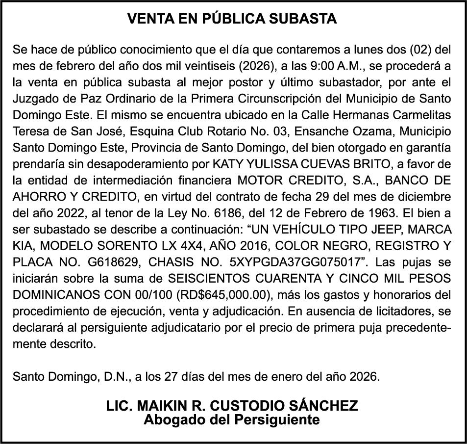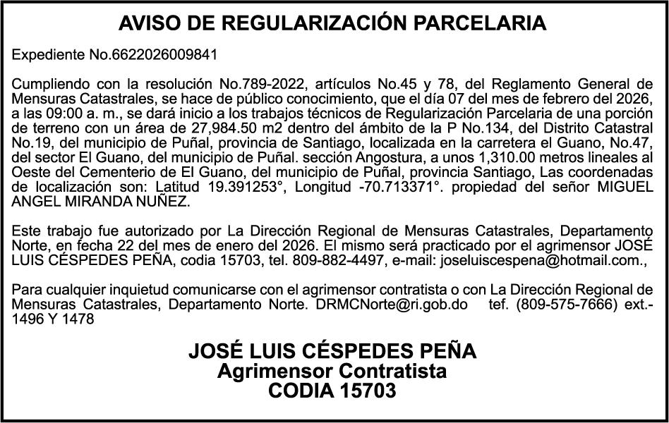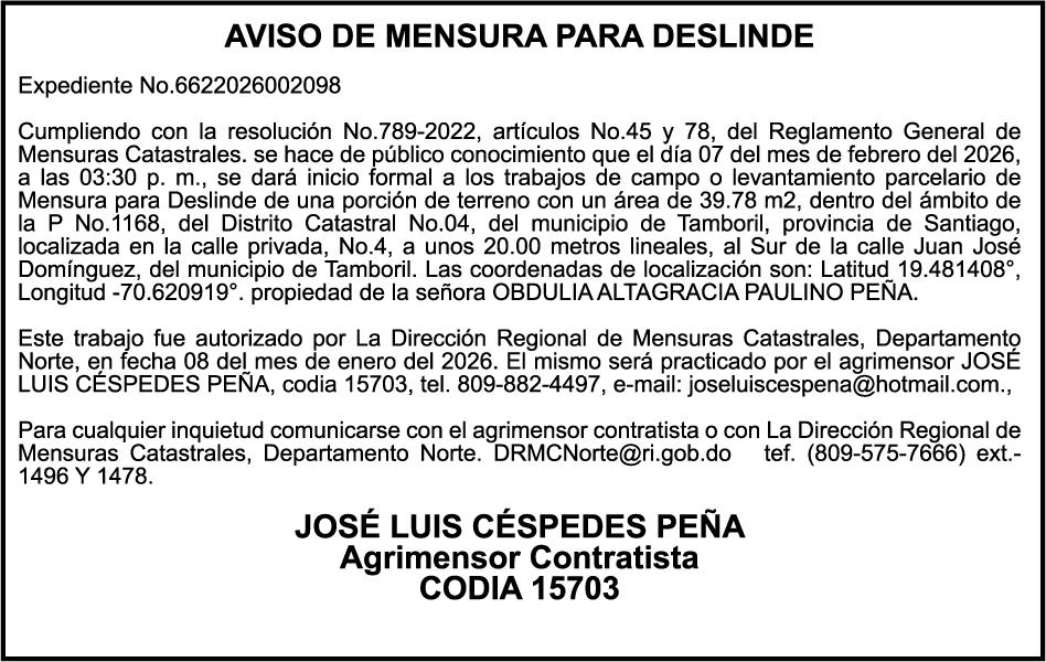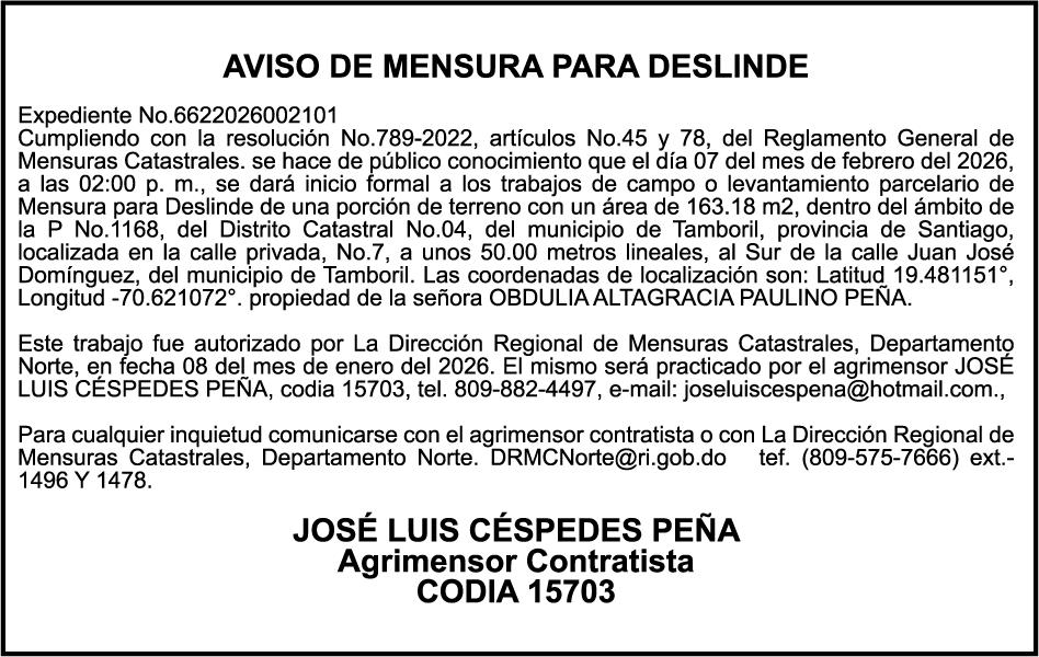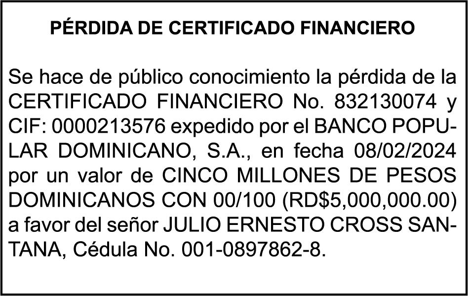 SE hace de público conocimiento la pérdida del Certificado Financiero número 842432163 emitido por Banco Popular Dominicano, S. A. Banco Múltiple, a nombre de HILDE FRANCISCO PAULINO THEN, portador de la Cédula de Identidad y Electoral número 001-0518081-4, certificado número 842432163 expedido en fecha 1 de julio de 2024, por el monto de (RD$300,000.00) más intereses generados a la fecha.
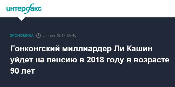 Москва. 20 июня. INTERFAX.RU - Самый богатый человек в Гонконге Ли Кашин намерен уйти в отставку с поста председателя совета директоров созданной им инвесткомпании CK Hutchison Holdings Ltd в 2018 году, сообщает The Wall Street Journal со ссылкой на источник в близком окружении инвестора.
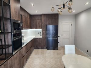 Выполнен современный ремонт из качественных материалов - уложен бельгийский ламинат, керамогранит от КЕRАМА МАRАZZI, вся сантехника фирмы Grоhе, столешницы цельные с мойками из искусственного камня. Вся мебель встроенная, изготовленная на заказ фасады МДФ, фурнитура ВLUМ. Двери от известной фирмы Волховец это гарантия качества и современного дизайна. В санузлах установлены напорные вытяжки с обратными клапанами, что препятствуют проникновению в квартиру посторонних запахов. Выключатели импульсные, что позволяет настраивать разные сценарии света.

▸ **Requirement**: All that is needed is the data above, repeated exactly, without the pictures.

▸ **Answer section**:
 SE hace de público conocimiento la pérdida del Certificado Financiero número 842432163 emitido por Banco Popular Dominicano, S. A. Banco Múltiple, a nombre de HILDE FRANCISCO PAULINO THEN, portador de la Cédula de Identidad y Electoral número 001-0518081-4, certificado número 842432163 expedido en fecha 1 de julio de 2024, por el monto de (RD$300,000.00) más intereses generados a la fecha.
 Москва. 20 июня. INTERFAX.RU - Самый богатый человек в Гонконге Ли Кашин намерен уйти в отставку с поста председателя совета директоров созданной им инвесткомпании CK Hutchison Holdings Ltd в 2018 году, сообщает The Wall Street Journal со ссылкой на источник в близком окружении инвестора.
 Выполнен современный ремонт из качественных материалов - уложен бельгийский ламинат, керамогранит от КЕRАМА МАRАZZI, вся сантехника фирмы Grоhе, столешницы цельные с мойками из искусственного камня. Вся мебель встроенная, изготовленная на заказ фасады МДФ, фурнитура ВLUМ. Двери от известной фирмы Волховец это гарантия качества и современного дизайна. В санузлах установлены напорные вытяжки с обратными клапанами, что препятствуют проникновению в квартиру посторонних запахов. Выключатели импульсные, что позволяет настраивать разные сценарии света.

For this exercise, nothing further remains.